When Your Verify Script Becomes the Bottleneck

TL;DR

A verify script is supposed to preserve confidence, not consume the day. When the command grows past an hour, the answer is not to weaken it. Refactor it like production code: measure first, split it into gates, cache repeated reads and scans, add timing, support safe partial diagnostics, and ensure any resume path proves freshness before reusing evidence. The full verify command should remain the final authority.

The first version of a verify: script usually feels clean. It runs the checks you care about. It gives you one command to trust. It turns “the model said it fixed it” into “the system still behaves the way we said it should behave.”

That is the right instinct. But then the project grows.

The script starts checking documentation readiness, package freshness, runtime evidence, dependency governance, workflow safety, UI proof, source-input freshness, external blockers, schema compatibility, and regression coverage. Each check is reasonable. Each one protects something real.

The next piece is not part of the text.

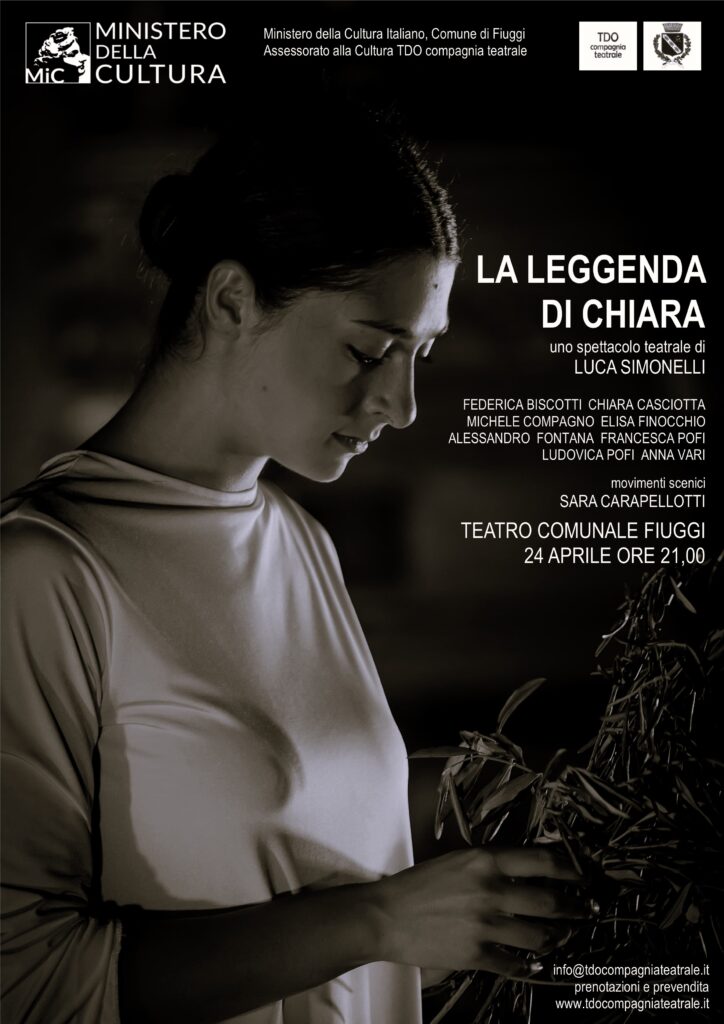 Giovedì 24 aprile, alle ore 21.00, il Teatro Comunale di Fiuggi ospiterà il sesto atteso appuntamento della rassegna teatrale annuale con lo spettacolo “La leggenda di Chiara”, un’opera intensa e suggestiva che unisce recitazione, musica e teatro danza per raccontare – in forma di leggenda popolare – la straordinaria vita di Santa Chiara d’Assisi.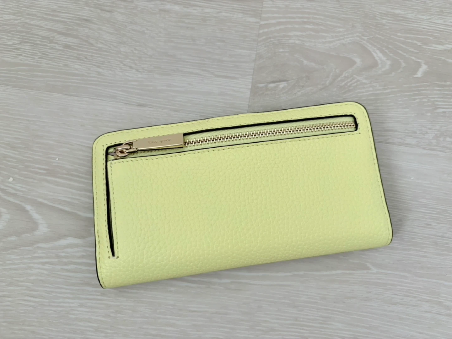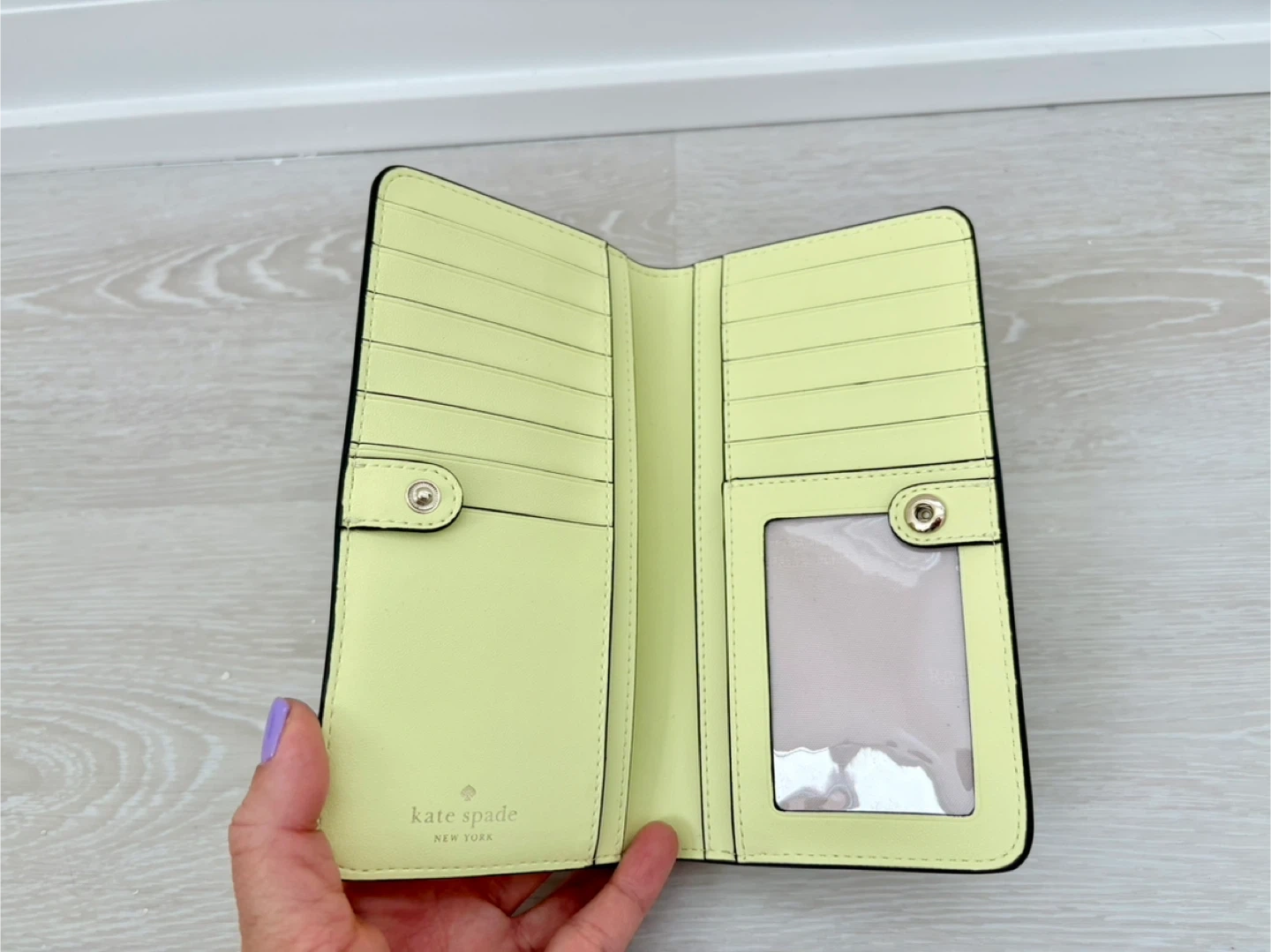 Brand new Kate Spade wallet in a light yellow pebbled leather. It features multiple card slots, a clear ID window, and a zip-around coin pocket.

Then one day, the command takes more than an hour.

At that point, the verifier has a new failure mode: people stop running it.

That is dangerous because the slow verifier is still carrying product knowledge. It knows which warnings are blocking, which artifacts are stale, and which evidence can be trusted. The fix is not to delete checks, hide failures, or turn blocking issues into warnings. That makes the command faster by making it less honest.

The better fix is to treat the verifier as a product.

Start with measurement. Capture a cold baseline before changing behavior. How long did the full run take? Which gates existed? How many recursive scans happened? How often did you parse the same JSON files, hash the same inputs, or spawn nested PowerShell processes? If you do not measure first, you are guessing.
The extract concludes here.